Литература, существующая по правилам метафизического реализма, по мнению Мамлеева, не ограничивается работами непосредственно представителей направления. Метафизиками из литературы были Шекспир, Данте, и Достоевский, а также многие другие литературы, в чьих работах видится присутствие чего-то скрытого в человеке и вне его. Метафизический реализм осуществляет свои задачи на нескольких уровнях. Первый подход заключается в обращении к коллективному, к той или иной традиции. Второй подход опирается на субъективный опыт и его уникальность: описывается реальная ситуация и испытываемые субъектом чувства. Третий уровень заключается в конструировании вымышленной или полуправдивой ситуации для решения реальной метафизической проблемы. И четвертый, отдельно называемый Мамлеевым путь: самопознание, обнажение человеком своей души. Реалистический компонент же такого подхода достигается за счет интерсубъективности некоторых аспектов человеческой души, постигаемых в т.ч. и через самопознание: «То, что лежит в человеке, это не только субъективно. В нем могут обнажиться самые фундаментальные онтологические моменты».

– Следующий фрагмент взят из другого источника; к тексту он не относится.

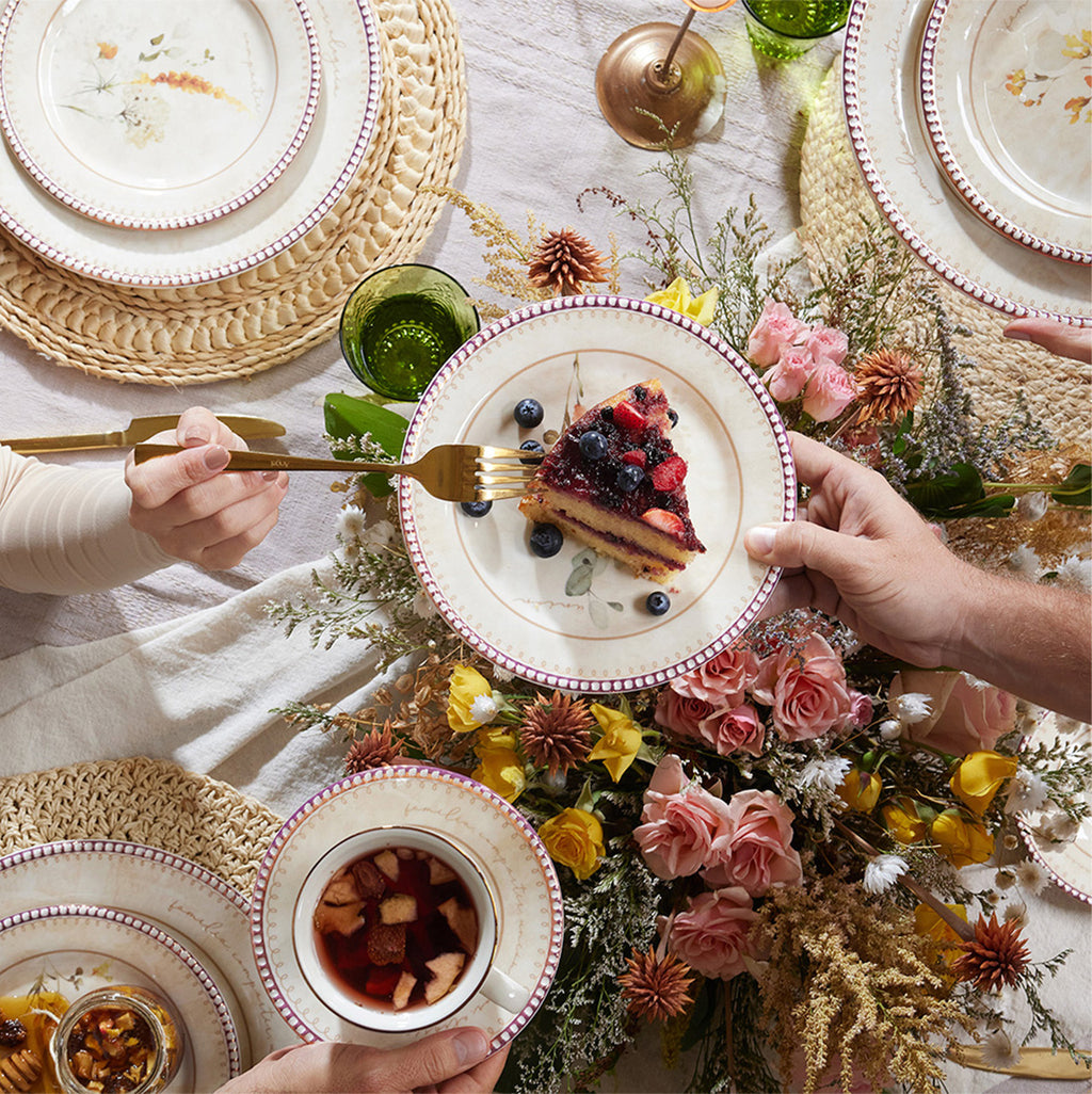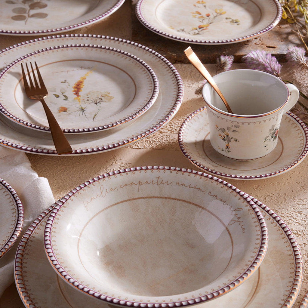 Diseños de follajes, texturas suaves en el fondo y lista color cobrizo hacen de esta vajilla una perfecta armonía entre el diseño romántico y clásico traído a lo actual. Una decoración para lucir en tu mesa.

2. Трансгрессия в философии

Трансгрессия - одно из ключевых понятий новой философии и философии постмодернизма, фиксирующее феномен перехода границы, считающейся непереходимой. Концепция трансгрессии заключается в том, что «мир налично данного» лишает человека видения какой-либо перспективы нового, так как по совместительству является для человека ограничением сферы известного и возможного. Это применимо и к культуре, ее ограничениям и запретам, и к психике, и к философии, и к науке. Любая отдельно обозначаемая как некая система отчета сфера человеческой жизни логически и практически не допускает возможность совершения трансгрессии в ее пределах. Таким образом, трансгрессия возможна только за ее пределами или в моменте, фиксирующем переход «через» них.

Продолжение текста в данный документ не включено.